Jose MM. Crit. Care Nurs. Clin. North Am. 2010; 22(4): 455-464.

Affiliation

School of Nursing, University of Texas Medical Branch, Mail Route 1029, Galveston, TX 77555, USA.

Copyright

(Copyright © 2010, Elsevier Publishing)

DOI

10.1016/j.ccell.2010.09.001

PMID

21095554

Abstract

Health care providers responding to the call of duty during catastrophic events are expected to provide culturally, ethically, and spiritually competent care to disaster victims. Health care providers have many resources available to guide decision making and the provision of care during disasters. Familiarization with these resources is essential to the provision of efficient and effective care under chaotic conditions.

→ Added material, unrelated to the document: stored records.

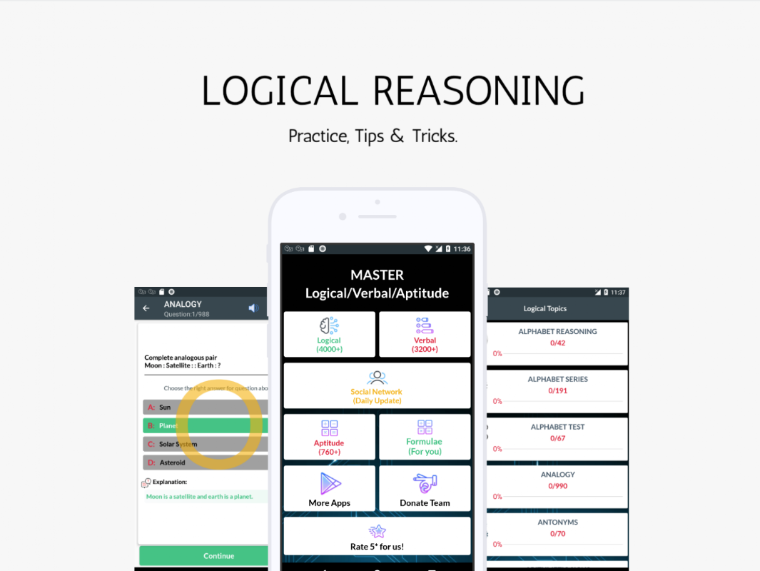 - Plusieurs catégories : choisissez parmi le raisonnement logique, le raisonnement verbal, l'aptitude et le mode test (tests en ligne, tests quotidiens, etc.).
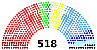 * The number of seats was increased from 434 to 518 – so this is a nominal figure
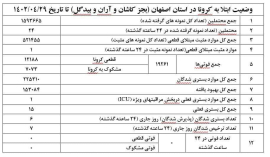 آمار وضعیت ابتلا به کرونا در استان اصفهان آمار وضعیت ابتلا به کرونا در استان اصفهان ( بجز کاشان و آران و بیدگل) تا روز پنجشنبه مورخ ۱۴۰۲٫۰۴٫۲۹
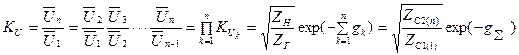 , то при перемноженні коефіцієнтів передачі усіх чотириполюсників каскаду отримаємо

Health care providers function in many roles, and the integration of local efforts with teams of professionals who have specialized disaster response training from international agencies is the most appropriate approach to providing ethically sound, spiritually sensitive, and culturally appropriate care to disaster victims. Disaster response interventions should be guided by ethnocultural beliefs, and local networks should be consulted to manage ethnic sentiments. Ethical decision making should be based on sound principles, and ethical dilemmas should be identified and resolved through appropriate processes. Human beings are spiritual beings and everything possible should be done to ease spiritual suffering during a disaster.